Удар, удар, удар. Куда били? По мне, по асфальту, по флагам, по телам? Топтались, падали. Ходили по головам, по женским и мужским.

Окровавленный хиппи голосил, словно баба:

– Полицейское государство – оставим прошлому!

Сзади раздалось:

– Вся власть Лимонову! Вперед, НБП, вперед!

Я приподнялся. Увидел, как три здоровенных мужика размахивали палками, пытаясь ударить омоновца по голове. На помощь омоновцу пришли другие, словно инопланетяне – страшные, черные, из другого мира. Они рубили дубинками всех, кто попадался на пути. Толпа неуклонно тащила меня прямо под их удары. Я ринулся в другую сторону, уперся в живот мужику, который пытался удержать красный флаг. Мы падали с ним вместе, флаг заехал по лицу женщине, сбив с нее очки, раскроив нос.

Вокруг трещало, хрустело, свистело. Чей-то крик «За свободный мир!» захлебнулся, превратился в рык. «Вперед, русская революция!», «Живым не дамся!», «За свободу, за Немцова» – многоголосье сливалось, порывы ветра разносили стоны по всем сторонам света, асфальт под ногами покрывался кровавыми пятнами, словно принял главные удары на себя.

Услышал:

– Сер… Сергее-ев!

Увидел тебя за мельтешащими спинами. Волосы твои растрепались, лицо постарело, ты тянула ко мне руки, на которые вдруг упал длинноволосый мужик. Ты дернулась в сторону – мужик рухнул под ноги омоновцам.

Двинулся к тебе, закрывая голову, словно боксер. Волны людей носили меня с амплитудой в три метра, я то видел тебя, то терял из виду. Я четко осознал, что мы оба сейчас погибнем в этой волнообразной кровавой толчее.

Кто и с кем здесь сражается? Кто за кого?
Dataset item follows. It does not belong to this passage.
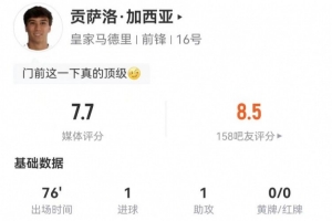 体育资讯1月12日讯 皇马在本轮西超杯对阵巴萨,贡萨洛·加西亚本场数据如下:

Неудачный концерт, белый свитер в мусорном баке, ты, бьющаяся о забор лицом, Мурзин, лакающий мой коньяк, – все это неслось передо мной детской шалостью, милым недоразумением. Неслось сквозь хаотичную кровавую густоту, сквозь палки и флаги, неслось и повисало на перекошенных лицах, на шлемах ОМОНа, на окровавленных усах, разбитых очках и падающих телах.

Никто уже ничего не понимал. Все перемешалось в этом адском вареве, словно все – кто за и кто против – жарились на одной огромной сковородке.

– На Кремль, на Кремль! – вопил кто-то, срываясь на фальцет, кашляя, захлебываясь.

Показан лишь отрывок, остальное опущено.